Production-grade design skill for coding agents, delivered as an MCP server.
Architecture · Claude Code Plugin · Codex Plugin · Skill Setup · Quick Setup · Full MCP Configs · Env Vars
npm i designer-skill-mcp
What this is
designer-skill is a composite design reference for coding agents — a lightweight router (skills/designer-skill/SKILL.md) that dispatches to seven specialist reference files covering visual fundamentals, aesthetic systems, motion and interaction, engineering and performance, anti-AI-slop discipline, refactor/redesign loops, and a verb-driven command playbook. Any coding agent that reads these files gains an opinionated, production-grade design vocabulary before touching a single line of UI code.
designer-skill-mcp is the Model Context Protocol server that exposes designer-skill to any MCP-compatible client — Claude Code, Codex CLI, Cursor, VS Code, Kilo Code, Open Code, Pi, and pythinker. It ships in two tiers: a Guidance tier (no API key required) that hands the skill to your agent via tools, resources, and a prompt; and an Active tier (requires ANTHROPIC_API_KEY) that adds apply_designer — a Claude-backed tool that runs the full skill and returns a streamed audit, redesign, or build result.
Routing Map
The 7 Reference Files
These are design surfaces, not client platforms. The 8 supported agent clients are listed separately in MCP Setup.

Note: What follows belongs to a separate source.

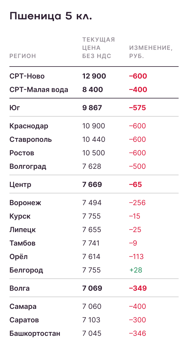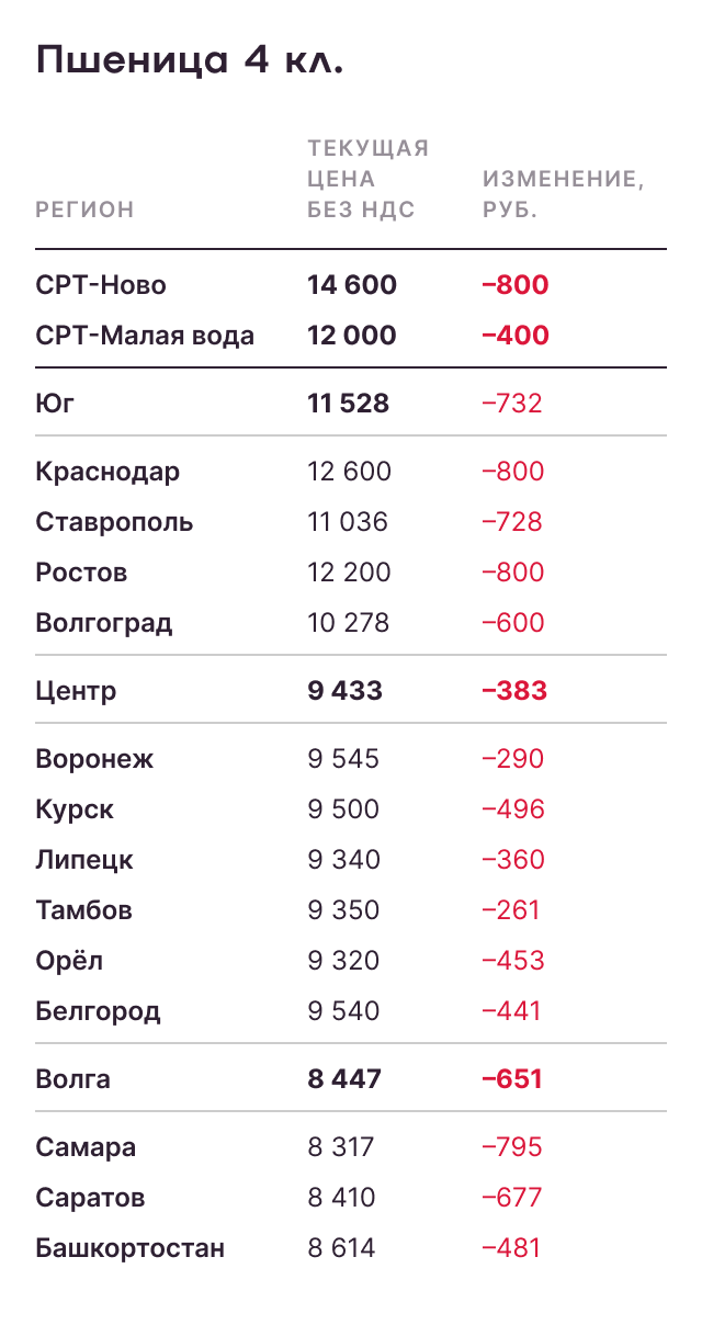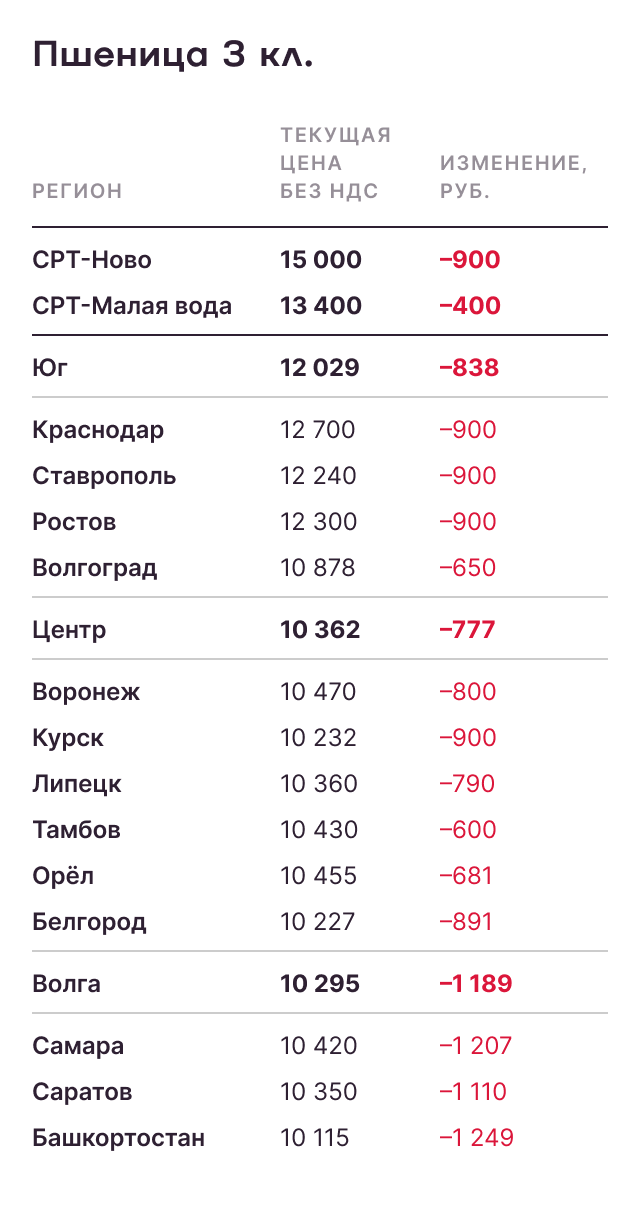 - Затоваривание в портах и на складах у сельхозпроизводителей ведет к лавинному падению цен, несмотря на «негласные» минимальные уровни реализации пшеницы — $270 за тонну FOB, или 17 000 рублей за тонну без НДС (СРТ).

| Open this | When the task is about |
|---|---|
reference/design-principles.md |
Visual fundamentals — typography, spacing & rhythm, color & contrast, layout & grid, hierarchy, depth. The aesthetic-neutral baseline. |
reference/aesthetic-systems.md |
Choosing or executing a specific look — 5 opinionated design languages (Minimalist, Brutalist, Soft, High-end-Stitch, Brand-identity) with concrete palettes, fonts, and shadow tokens. |
reference/motion-and-interaction.md |
What to animate, how fast, which curve; springs, micro-interactions, gestures, scroll, perceived performance, reduced-motion. |
reference/engineering-and-performance.md |
Component architecture, design tokens/CSS vars, hardware acceleration, responsive/fluid, accessibility, Core Web Vitals, framework-honest output, real-data hardening. |
reference/avoid-ai-slop.md |
Not looking "AI-made" — the cross-register ban-list, category-reflex checks, and the output-completeness contract. |
reference/refactor-and-redesign.md |
Improving existing UI without breaking it — audit, diagnose generic patterns, the redesign loop, image/reference-to-code. |
reference/command-playbook.md |
Which verb/move maps to the user's intent (build, polish, bolder, quieter, animate, harden, redesign, …). |
Intent → Verb Dispatch
The dispatch_intent tool maps a natural-language request to the design verb(s) and reference files an agent should load before acting.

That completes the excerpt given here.